» Your instructions: Transcribe exactly, leaving out pictures, the lines from the one that holds "5月17日(金)、今日の給食" through the end of the data below, including both end lines and no others.

- - -

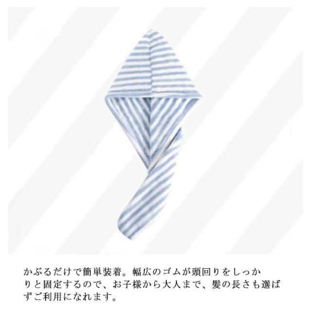 | お風呂上がりに頭にかぶるだけでしっかり吸水したタオルキャップ 吸水性抜群のマイクロファイバー素材で、こすらずに水分を吸いとります。 ドライヤーの使用時間も短縮できるので、髪をダメージから守ります。 かぶるだけで簡単装着。幅広のゴムが頭回りをしっかりと固定するので、お子様から大人まで、髪の長さも選ばずご利用になれます。 かわいいデザインでタオルドライが楽しくなる! | |
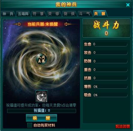 注:① 兵器每次唤醒均有几率成功,唤醒失败则会获得祝福值。祝福值越高,唤醒成功的几率越高;
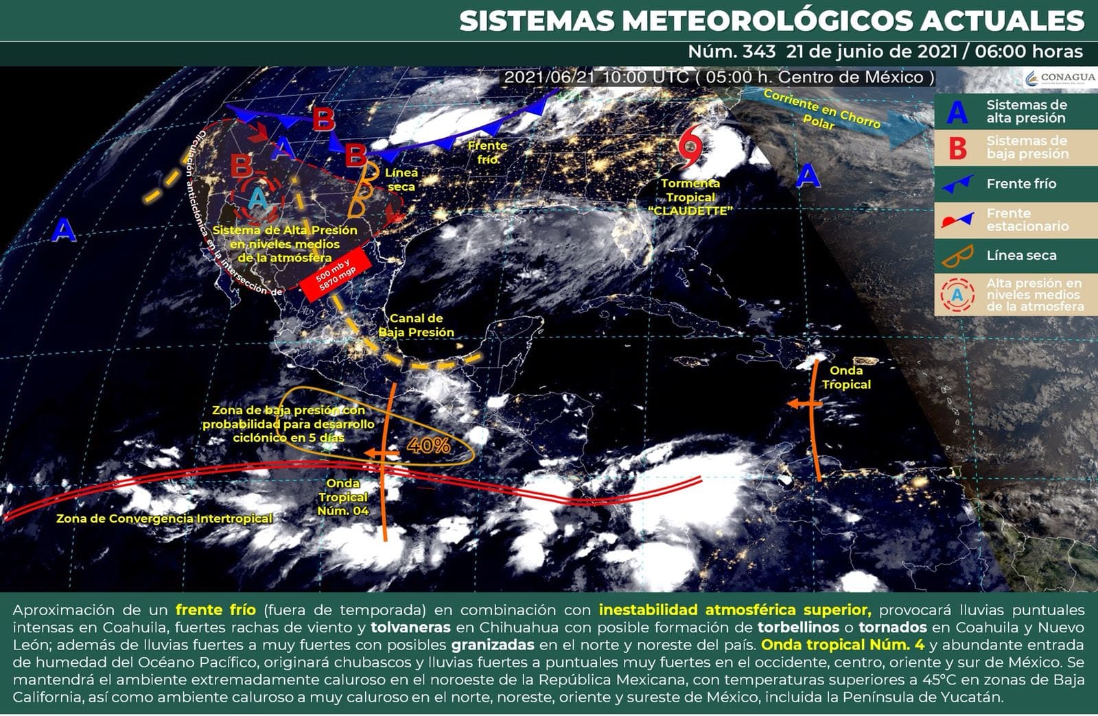 Este fenómeno provocará cielo nublado con lluvias puntuales muy fuertes con descargas eléctricas y posible caída de granizo y bancos de niebla en zonas montañosas de la región.
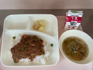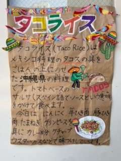 5月17日(金)、今日の給食は「タコライス・もずくのスープ・焼きじゃが・牛乳」です。
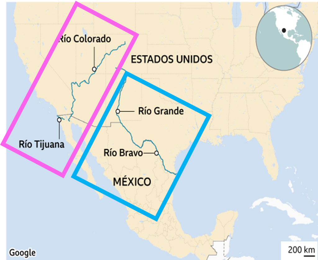 この条約は、メキシコから米国(とくにテキサス州南部)へリオ・グランデ(Rio Grande)川などから水を供給し、逆に米国からメキシコのティフアナ(Tijuana)等にコロラド川(Colorado River)経由で水を供給するという仕組みを定めています(下図)。
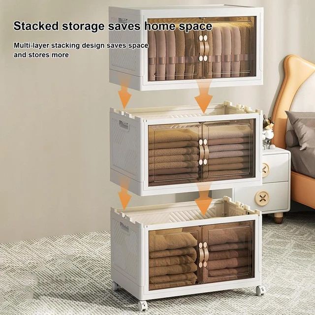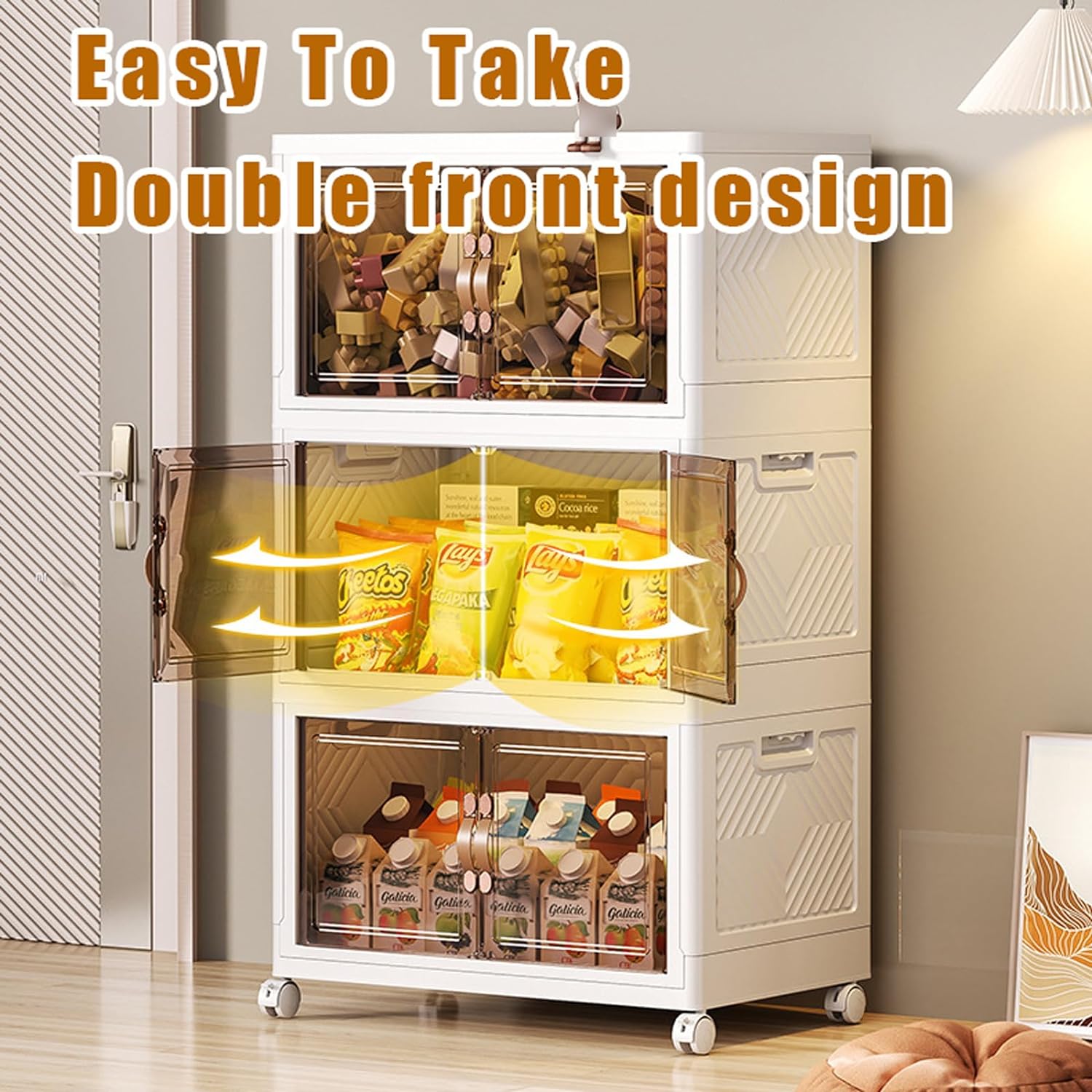 Closet Organizers and Storage Bins with Lids and Wheels,Plastic Foldable Box Toy Storage Containers for Home Kitchen Office

- - -

» Expected answer:
 5月17日(金)、今日の給食は「タコライス・もずくのスープ・焼きじゃが・牛乳」です。
 この条約は、メキシコから米国(とくにテキサス州南部)へリオ・グランデ(Rio Grande)川などから水を供給し、逆に米国からメキシコのティフアナ(Tijuana)等にコロラド川(Colorado River)経由で水を供給するという仕組みを定めています(下図)。
 Closet Organizers and Storage Bins with Lids and Wheels,Plastic Foldable Box Toy Storage Containers for Home Kitchen Office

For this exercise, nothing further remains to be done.